=== Task brief ===
Give back exactly the lines that run from the beginning of the entries to the line containing "中国养猪网2020年6月27日-7月3日(7天)外三元均价走势图", both included, and nothing else.

=== Data listing ===
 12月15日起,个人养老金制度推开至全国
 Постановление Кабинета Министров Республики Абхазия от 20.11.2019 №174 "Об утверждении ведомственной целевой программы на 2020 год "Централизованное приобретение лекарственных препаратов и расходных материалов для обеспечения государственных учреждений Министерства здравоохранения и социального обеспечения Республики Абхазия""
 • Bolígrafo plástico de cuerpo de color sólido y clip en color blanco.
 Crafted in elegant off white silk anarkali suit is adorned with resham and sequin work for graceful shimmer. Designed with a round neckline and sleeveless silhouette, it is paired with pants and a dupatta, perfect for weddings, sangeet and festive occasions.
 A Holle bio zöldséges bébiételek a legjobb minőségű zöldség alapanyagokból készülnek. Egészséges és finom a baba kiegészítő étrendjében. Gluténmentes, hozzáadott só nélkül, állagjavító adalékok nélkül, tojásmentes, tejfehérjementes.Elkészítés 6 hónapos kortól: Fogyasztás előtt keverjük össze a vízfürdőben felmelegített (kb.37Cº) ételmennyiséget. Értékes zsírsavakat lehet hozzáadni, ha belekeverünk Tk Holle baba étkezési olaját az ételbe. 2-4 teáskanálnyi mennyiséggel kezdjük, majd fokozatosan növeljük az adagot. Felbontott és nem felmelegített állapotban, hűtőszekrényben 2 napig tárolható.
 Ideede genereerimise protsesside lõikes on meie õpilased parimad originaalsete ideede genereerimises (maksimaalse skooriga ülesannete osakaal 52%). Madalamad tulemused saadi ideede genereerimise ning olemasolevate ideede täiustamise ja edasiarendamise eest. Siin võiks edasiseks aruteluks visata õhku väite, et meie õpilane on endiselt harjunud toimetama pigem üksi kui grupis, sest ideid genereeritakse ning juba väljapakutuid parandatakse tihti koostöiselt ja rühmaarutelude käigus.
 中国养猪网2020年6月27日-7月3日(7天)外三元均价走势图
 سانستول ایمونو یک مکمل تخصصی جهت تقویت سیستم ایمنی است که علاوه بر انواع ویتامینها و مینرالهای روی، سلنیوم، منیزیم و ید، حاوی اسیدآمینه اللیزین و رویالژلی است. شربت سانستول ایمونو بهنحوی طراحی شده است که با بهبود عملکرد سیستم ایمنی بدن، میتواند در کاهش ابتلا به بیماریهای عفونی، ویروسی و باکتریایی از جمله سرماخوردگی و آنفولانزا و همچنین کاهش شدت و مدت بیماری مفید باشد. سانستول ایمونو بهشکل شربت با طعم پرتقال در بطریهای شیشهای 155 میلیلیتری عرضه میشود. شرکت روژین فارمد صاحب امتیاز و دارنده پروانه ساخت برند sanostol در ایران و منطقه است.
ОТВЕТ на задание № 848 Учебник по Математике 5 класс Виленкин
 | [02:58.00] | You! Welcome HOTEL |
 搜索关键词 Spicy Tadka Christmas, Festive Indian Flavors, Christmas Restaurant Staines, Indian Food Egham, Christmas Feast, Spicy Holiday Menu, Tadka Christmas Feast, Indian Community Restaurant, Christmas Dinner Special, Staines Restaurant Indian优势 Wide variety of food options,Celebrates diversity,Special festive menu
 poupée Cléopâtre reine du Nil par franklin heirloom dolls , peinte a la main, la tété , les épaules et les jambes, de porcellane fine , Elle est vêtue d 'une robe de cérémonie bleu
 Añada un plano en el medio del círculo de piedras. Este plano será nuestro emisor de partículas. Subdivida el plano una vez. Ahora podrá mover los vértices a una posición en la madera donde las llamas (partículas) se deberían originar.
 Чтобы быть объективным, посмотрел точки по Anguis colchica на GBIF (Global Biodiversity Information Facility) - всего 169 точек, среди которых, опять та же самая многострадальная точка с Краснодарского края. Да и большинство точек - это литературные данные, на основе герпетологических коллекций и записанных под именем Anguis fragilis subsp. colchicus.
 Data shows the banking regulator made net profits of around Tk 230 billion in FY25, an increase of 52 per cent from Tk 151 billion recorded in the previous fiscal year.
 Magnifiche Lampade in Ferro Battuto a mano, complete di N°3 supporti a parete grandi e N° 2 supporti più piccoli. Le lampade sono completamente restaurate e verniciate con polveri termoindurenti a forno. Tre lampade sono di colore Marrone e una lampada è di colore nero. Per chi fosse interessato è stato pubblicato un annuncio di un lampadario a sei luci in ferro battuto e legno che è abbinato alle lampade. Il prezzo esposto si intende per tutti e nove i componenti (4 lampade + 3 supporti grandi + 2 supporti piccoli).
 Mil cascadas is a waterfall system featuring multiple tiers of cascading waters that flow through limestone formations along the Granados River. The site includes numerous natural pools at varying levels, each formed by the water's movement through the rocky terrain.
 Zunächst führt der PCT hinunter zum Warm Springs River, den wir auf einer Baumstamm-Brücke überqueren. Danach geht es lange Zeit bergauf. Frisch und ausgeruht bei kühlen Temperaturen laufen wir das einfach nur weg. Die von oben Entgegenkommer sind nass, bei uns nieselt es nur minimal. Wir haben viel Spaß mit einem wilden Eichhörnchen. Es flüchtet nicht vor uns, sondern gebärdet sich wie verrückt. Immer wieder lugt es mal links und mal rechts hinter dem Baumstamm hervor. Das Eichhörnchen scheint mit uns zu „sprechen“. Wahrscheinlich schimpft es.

=== Written solution ===
 12月15日起,个人养老金制度推开至全国
 Постановление Кабинета Министров Республики Абхазия от 20.11.2019 №174 "Об утверждении ведомственной целевой программы на 2020 год "Централизованное приобретение лекарственных препаратов и расходных материалов для обеспечения государственных учреждений Министерства здравоохранения и социального обеспечения Республики Абхазия""
 • Bolígrafo plástico de cuerpo de color sólido y clip en color blanco.
 Crafted in elegant off white silk anarkali suit is adorned with resham and sequin work for graceful shimmer. Designed with a round neckline and sleeveless silhouette, it is paired with pants and a dupatta, perfect for weddings, sangeet and festive occasions.
 A Holle bio zöldséges bébiételek a legjobb minőségű zöldség alapanyagokból készülnek. Egészséges és finom a baba kiegészítő étrendjében. Gluténmentes, hozzáadott só nélkül, állagjavító adalékok nélkül, tojásmentes, tejfehérjementes.Elkészítés 6 hónapos kortól: Fogyasztás előtt keverjük össze a vízfürdőben felmelegített (kb.37Cº) ételmennyiséget. Értékes zsírsavakat lehet hozzáadni, ha belekeverünk Tk Holle baba étkezési olaját az ételbe. 2-4 teáskanálnyi mennyiséggel kezdjük, majd fokozatosan növeljük az adagot. Felbontott és nem felmelegített állapotban, hűtőszekrényben 2 napig tárolható.
 Ideede genereerimise protsesside lõikes on meie õpilased parimad originaalsete ideede genereerimises (maksimaalse skooriga ülesannete osakaal 52%). Madalamad tulemused saadi ideede genereerimise ning olemasolevate ideede täiustamise ja edasiarendamise eest. Siin võiks edasiseks aruteluks visata õhku väite, et meie õpilane on endiselt harjunud toimetama pigem üksi kui grupis, sest ideid genereeritakse ning juba väljapakutuid parandatakse tihti koostöiselt ja rühmaarutelude käigus.
 中国养猪网2020年6月27日-7月3日(7天)外三元均价走势图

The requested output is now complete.